- [Recorded information]:
───

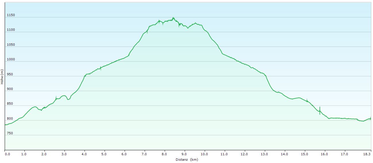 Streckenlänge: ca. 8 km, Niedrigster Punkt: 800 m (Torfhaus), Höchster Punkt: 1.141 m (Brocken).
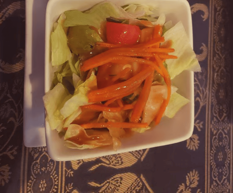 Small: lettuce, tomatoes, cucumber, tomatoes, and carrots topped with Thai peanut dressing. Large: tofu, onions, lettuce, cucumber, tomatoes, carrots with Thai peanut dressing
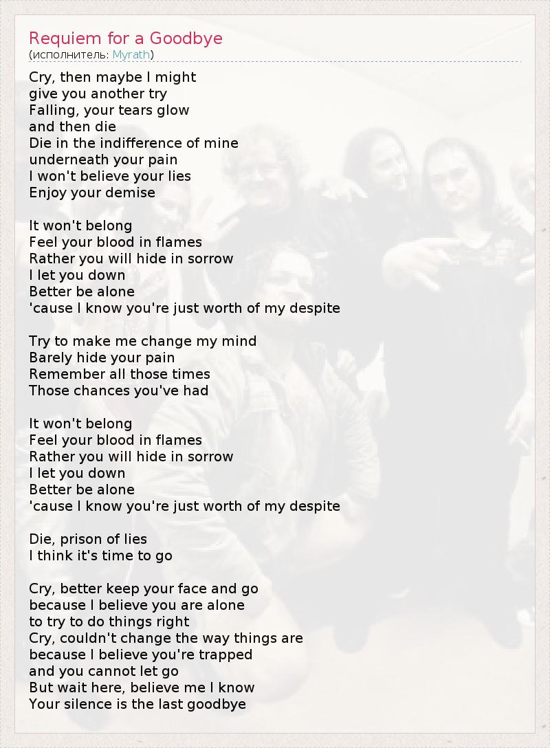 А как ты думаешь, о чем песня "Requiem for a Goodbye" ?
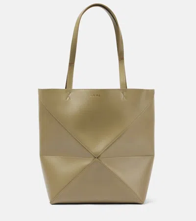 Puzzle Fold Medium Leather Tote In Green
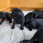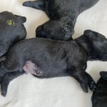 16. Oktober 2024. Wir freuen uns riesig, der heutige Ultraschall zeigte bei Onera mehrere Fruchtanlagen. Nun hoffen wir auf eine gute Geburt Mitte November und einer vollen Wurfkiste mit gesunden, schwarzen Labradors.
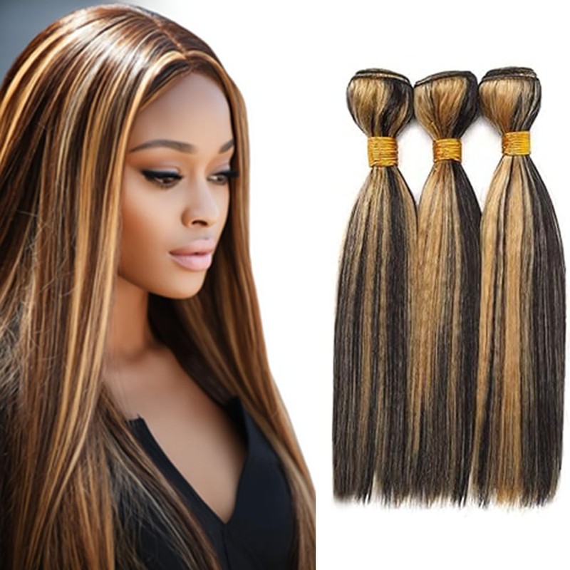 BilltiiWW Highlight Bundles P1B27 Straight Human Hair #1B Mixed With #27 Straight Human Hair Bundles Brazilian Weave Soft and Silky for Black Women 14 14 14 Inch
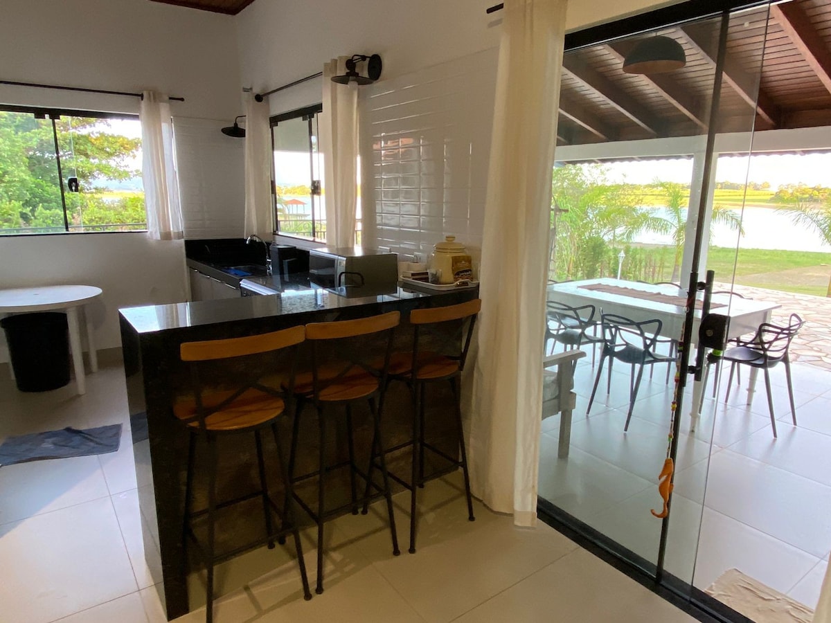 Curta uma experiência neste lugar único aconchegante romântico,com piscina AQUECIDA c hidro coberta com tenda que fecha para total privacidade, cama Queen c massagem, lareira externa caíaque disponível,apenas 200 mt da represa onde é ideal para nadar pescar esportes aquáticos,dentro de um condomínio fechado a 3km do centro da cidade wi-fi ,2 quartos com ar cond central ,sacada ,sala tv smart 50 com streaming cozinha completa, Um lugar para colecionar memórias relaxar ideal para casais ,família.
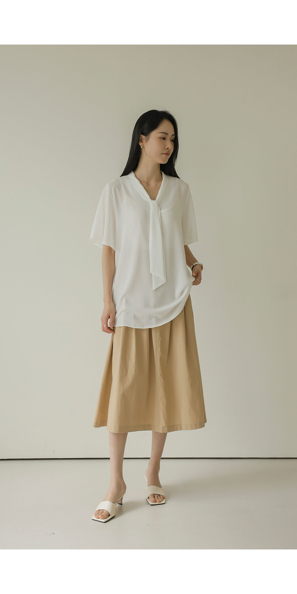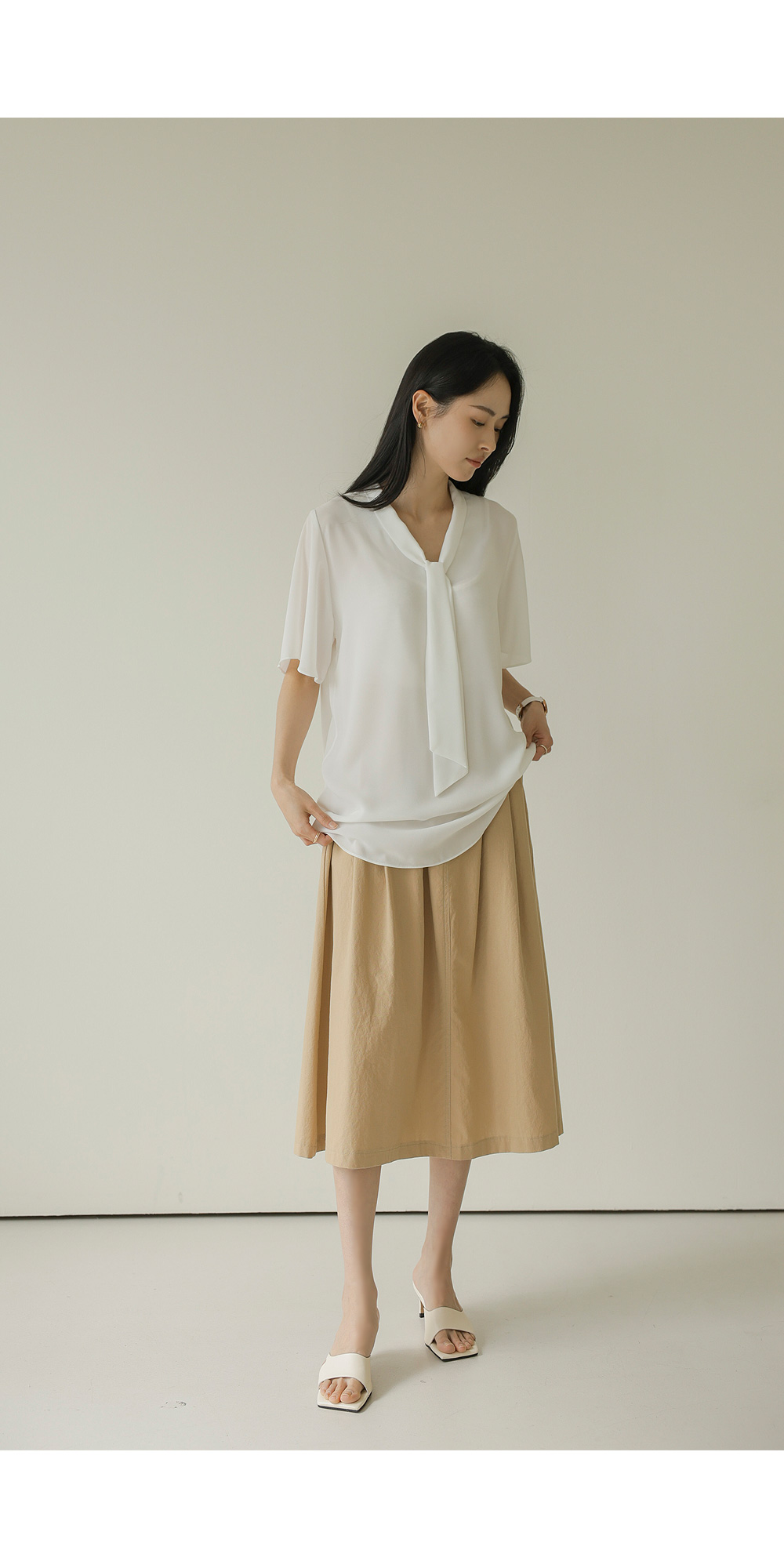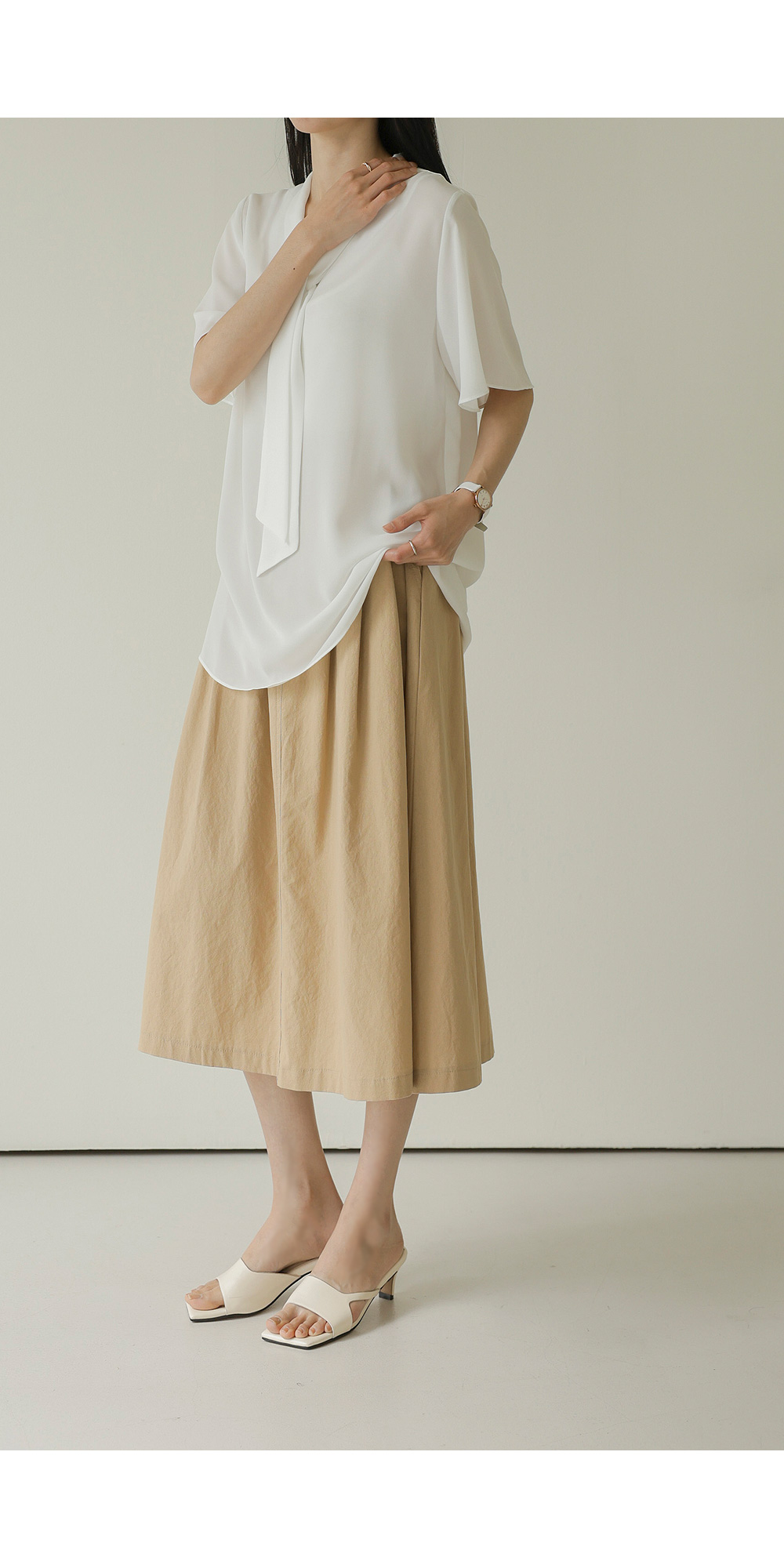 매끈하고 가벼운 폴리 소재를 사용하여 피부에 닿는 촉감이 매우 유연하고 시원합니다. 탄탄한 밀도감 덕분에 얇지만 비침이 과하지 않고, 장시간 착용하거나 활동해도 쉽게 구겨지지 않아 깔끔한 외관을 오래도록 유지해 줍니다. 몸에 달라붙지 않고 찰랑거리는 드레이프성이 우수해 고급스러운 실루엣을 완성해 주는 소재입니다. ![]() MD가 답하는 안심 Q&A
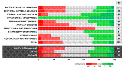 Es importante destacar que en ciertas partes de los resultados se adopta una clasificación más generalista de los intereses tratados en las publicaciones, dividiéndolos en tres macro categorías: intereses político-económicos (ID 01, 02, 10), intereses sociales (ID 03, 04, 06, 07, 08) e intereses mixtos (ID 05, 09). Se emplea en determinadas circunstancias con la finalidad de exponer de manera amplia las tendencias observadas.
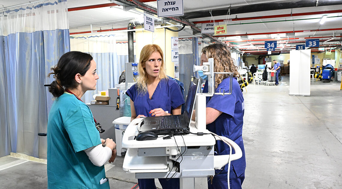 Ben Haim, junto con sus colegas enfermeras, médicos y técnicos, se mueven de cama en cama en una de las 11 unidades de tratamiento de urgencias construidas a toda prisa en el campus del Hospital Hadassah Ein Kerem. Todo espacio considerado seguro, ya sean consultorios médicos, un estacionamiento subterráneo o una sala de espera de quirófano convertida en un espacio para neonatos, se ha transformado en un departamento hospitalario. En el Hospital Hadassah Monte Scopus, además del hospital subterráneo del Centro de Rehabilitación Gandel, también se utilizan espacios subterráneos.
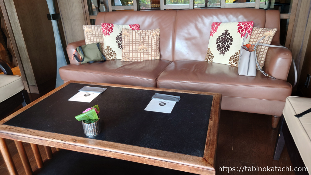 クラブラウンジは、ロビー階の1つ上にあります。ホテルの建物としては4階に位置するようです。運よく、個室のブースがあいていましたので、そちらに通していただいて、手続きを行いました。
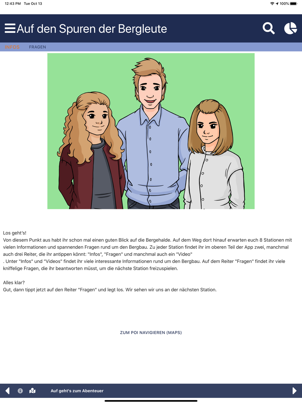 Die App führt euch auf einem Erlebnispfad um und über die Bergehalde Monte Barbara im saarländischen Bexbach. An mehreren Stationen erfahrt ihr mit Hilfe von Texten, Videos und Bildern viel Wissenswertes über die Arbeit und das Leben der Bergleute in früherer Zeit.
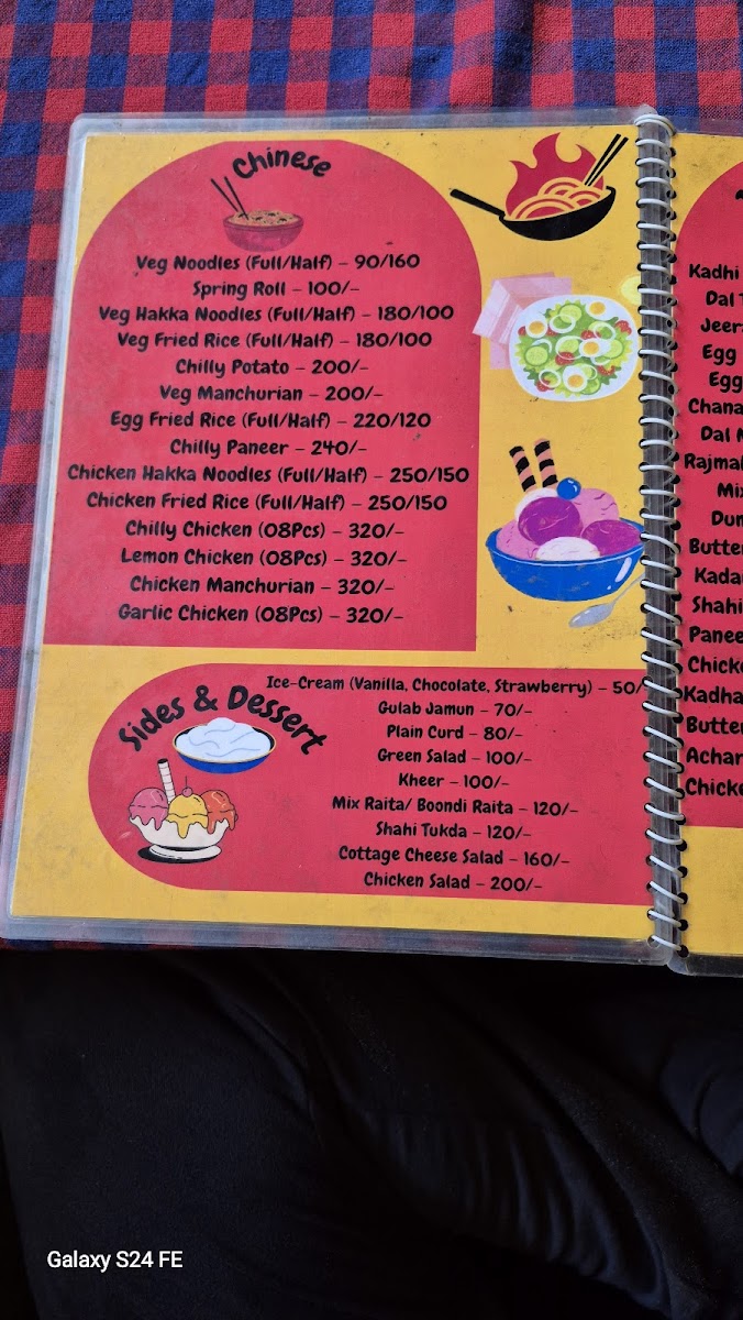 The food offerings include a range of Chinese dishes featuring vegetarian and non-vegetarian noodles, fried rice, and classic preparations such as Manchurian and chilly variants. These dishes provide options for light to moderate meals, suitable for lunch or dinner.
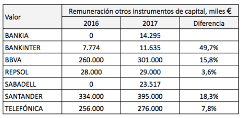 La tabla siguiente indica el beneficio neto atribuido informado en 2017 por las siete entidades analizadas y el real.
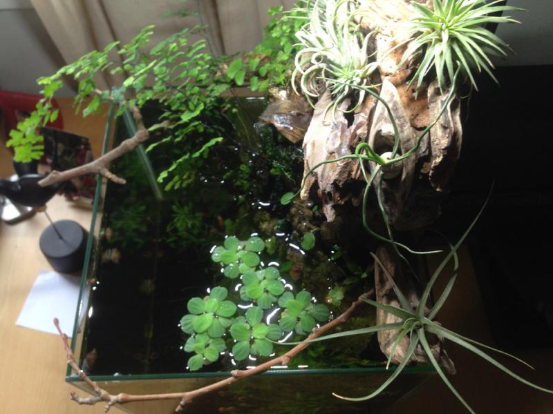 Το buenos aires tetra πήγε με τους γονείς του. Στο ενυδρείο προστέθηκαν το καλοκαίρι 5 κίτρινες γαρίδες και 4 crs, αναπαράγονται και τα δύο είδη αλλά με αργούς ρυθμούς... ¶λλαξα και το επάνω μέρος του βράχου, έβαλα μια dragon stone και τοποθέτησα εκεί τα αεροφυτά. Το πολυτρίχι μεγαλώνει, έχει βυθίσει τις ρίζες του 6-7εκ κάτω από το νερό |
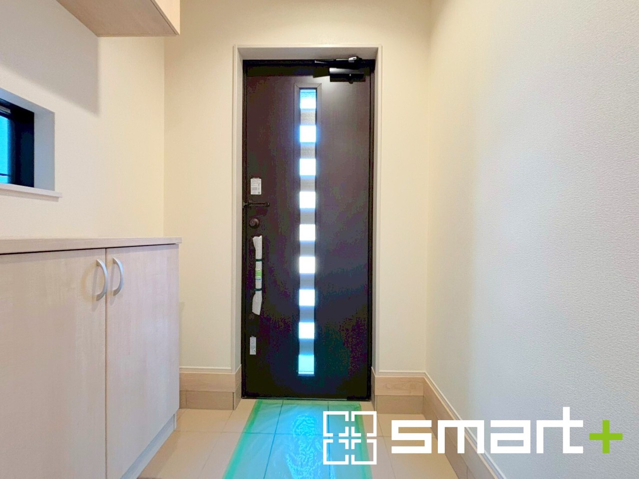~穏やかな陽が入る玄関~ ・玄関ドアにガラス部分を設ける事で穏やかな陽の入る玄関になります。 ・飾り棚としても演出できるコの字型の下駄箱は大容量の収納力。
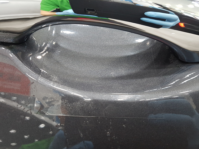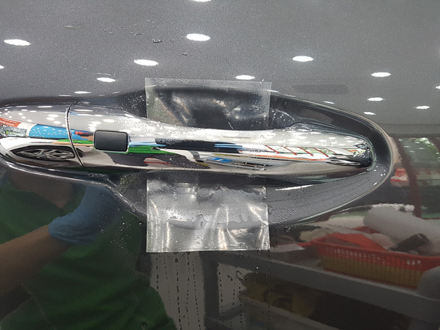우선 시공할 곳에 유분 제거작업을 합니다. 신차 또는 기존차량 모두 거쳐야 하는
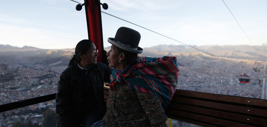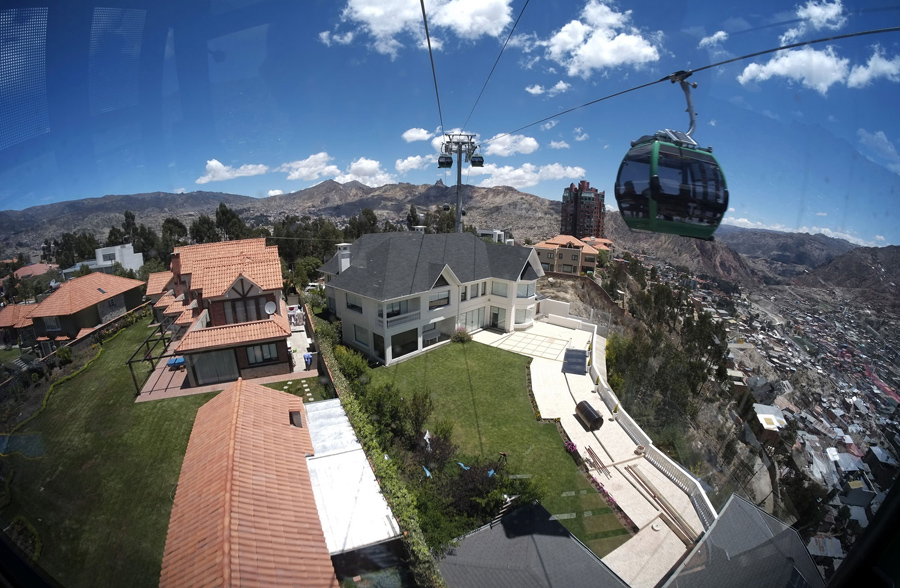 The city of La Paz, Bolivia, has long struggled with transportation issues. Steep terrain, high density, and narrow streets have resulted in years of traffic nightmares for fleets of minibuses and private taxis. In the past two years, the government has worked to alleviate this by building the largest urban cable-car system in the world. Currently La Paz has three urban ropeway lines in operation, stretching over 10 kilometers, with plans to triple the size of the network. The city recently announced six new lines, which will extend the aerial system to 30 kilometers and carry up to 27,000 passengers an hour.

───

- [What you have to do]: Working from the entries above, please transcribe only the lines from the line with "Puzzle Fold Medium Leather Tote In Green" through the line with "Es importante destacar", exactly, with both end lines and without pictures.

- [Output for this exercise]:
 Puzzle Fold Medium Leather Tote In Green
 16. Oktober 2024. Wir freuen uns riesig, der heutige Ultraschall zeigte bei Onera mehrere Fruchtanlagen. Nun hoffen wir auf eine gute Geburt Mitte November und einer vollen Wurfkiste mit gesunden, schwarzen Labradors.
 BilltiiWW Highlight Bundles P1B27 Straight Human Hair #1B Mixed With #27 Straight Human Hair Bundles Brazilian Weave Soft and Silky for Black Women 14 14 14 Inch
 Curta uma experiência neste lugar único aconchegante romântico,com piscina AQUECIDA c hidro coberta com tenda que fecha para total privacidade, cama Queen c massagem, lareira externa caíaque disponível,apenas 200 mt da represa onde é ideal para nadar pescar esportes aquáticos,dentro de um condomínio fechado a 3km do centro da cidade wi-fi ,2 quartos com ar cond central ,sacada ,sala tv smart 50 com streaming cozinha completa, Um lugar para colecionar memórias relaxar ideal para casais ,família.
 매끈하고 가벼운 폴리 소재를 사용하여 피부에 닿는 촉감이 매우 유연하고 시원합니다. 탄탄한 밀도감 덕분에 얇지만 비침이 과하지 않고, 장시간 착용하거나 활동해도 쉽게 구겨지지 않아 깔끔한 외관을 오래도록 유지해 줍니다. 몸에 달라붙지 않고 찰랑거리는 드레이프성이 우수해 고급스러운 실루엣을 완성해 주는 소재입니다. ![]() MD가 답하는 안심 Q&A
 Es importante destacar que en ciertas partes de los resultados se adopta una clasificación más generalista de los intereses tratados en las publicaciones, dividiéndolos en tres macro categorías: intereses político-económicos (ID 01, 02, 10), intereses sociales (ID 03, 04, 06, 07, 08) e intereses mixtos (ID 05, 09). Se emplea en determinadas circunstancias con la finalidad de exponer de manera amplia las tendencias observadas.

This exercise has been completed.